Towards a Scalable Supercomputer Architecture
Staff - Faculty of Informatics
Start date: 27 January 2010
End date: 28 January 2010
The Faculty of Informatics is pleased to announce a seminar given by Christoph Lenzen
DATE: Wednesday, January 27th, 2010
PLACE: USI Università della Svizzera italiana, room SI-008, Informatics building (Via G. Buffi 13)
Many of today's supercomputers provide point-to-point communication between processors on top of a three-dimensional torus topology. This leads to a significant scalability issue, as essentially the effective bandwidth a node may utilize deteriorates like 1/n^(1/3) in a network of n nodes. Since the next generation of supercomputers will feature a million processors or more, this means less than 1% of the available communication capabilities can be used. In contrast, a fully connected network would suffer only small-factor loss in bandwidth utilization, but is prohibitively expensive.
Therefore, we propose the CLEX architecture, which strives for an efficient compromise between both extremes. Analysis shows that in a CLEX system, each node can exploit a constant fraction of its available bandwidth for point-to-point communication to or from arbitrary destinations. This is achieved at reasonable degrees of n^eps, for an arbitrarily small constant eps>0. Furthermore, messages are forwarded constantly often and travel a physical distance proportional to the physical network diameter; thus, in an uncongested setting, message delays are asymptotically optimum. We evaluated the practical merit of our proposal through simulation of two systems comprising roughly 250,000 and 1,000,000 processors, respectively. The results indicate that a CLEX system of this size would outperform a torus architecture by at least an order of magnitude, at node degrees of 66 resp. 35.

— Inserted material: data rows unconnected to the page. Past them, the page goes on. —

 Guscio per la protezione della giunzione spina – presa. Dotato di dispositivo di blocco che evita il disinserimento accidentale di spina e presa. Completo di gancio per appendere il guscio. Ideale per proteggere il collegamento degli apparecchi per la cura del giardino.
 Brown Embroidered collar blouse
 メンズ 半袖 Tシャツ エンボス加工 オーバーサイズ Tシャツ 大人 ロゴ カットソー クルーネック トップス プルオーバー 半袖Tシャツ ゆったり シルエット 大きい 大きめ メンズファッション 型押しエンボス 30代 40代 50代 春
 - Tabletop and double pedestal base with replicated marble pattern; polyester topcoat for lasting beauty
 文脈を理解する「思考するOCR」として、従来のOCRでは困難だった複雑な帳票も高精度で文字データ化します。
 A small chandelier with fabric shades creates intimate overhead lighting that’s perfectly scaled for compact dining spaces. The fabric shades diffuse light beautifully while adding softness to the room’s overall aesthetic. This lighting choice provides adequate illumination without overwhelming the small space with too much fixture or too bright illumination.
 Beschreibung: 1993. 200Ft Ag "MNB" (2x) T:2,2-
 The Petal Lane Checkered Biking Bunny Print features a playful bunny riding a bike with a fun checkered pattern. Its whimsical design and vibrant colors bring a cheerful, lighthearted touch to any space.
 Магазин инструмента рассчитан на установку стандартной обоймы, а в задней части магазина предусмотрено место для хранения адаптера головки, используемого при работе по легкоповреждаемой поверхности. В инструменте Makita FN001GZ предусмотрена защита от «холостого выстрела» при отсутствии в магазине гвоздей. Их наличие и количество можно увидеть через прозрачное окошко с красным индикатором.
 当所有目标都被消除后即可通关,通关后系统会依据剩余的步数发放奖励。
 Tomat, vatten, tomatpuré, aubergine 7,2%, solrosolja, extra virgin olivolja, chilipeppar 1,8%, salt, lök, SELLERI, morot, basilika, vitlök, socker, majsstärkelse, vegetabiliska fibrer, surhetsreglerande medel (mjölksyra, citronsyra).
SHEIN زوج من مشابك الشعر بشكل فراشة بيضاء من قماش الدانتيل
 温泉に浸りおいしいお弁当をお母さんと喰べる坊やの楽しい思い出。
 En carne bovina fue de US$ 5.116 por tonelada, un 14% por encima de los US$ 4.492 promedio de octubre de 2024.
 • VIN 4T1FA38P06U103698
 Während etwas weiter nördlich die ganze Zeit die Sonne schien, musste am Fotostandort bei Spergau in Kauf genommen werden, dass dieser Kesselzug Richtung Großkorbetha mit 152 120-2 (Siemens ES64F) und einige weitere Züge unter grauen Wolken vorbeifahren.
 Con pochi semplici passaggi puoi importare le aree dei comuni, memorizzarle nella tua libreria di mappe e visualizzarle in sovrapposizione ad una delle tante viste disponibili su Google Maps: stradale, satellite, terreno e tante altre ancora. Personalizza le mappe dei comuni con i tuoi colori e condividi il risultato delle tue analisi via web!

In 2007, Christoph Lenzen received his diploma degree in mathematics from the University of Bonn, Germany. His thesis dealt with multiscale simulation in structural mechanics. Afterwards, he started his Ph.D. studies in distributed computing at ETH Zurich, advised by Roger Wattenhofer. So far he focused on graph algorithms, clock synchronization, and parallel load balancing problems.
HOST: Prof. Rolf Krause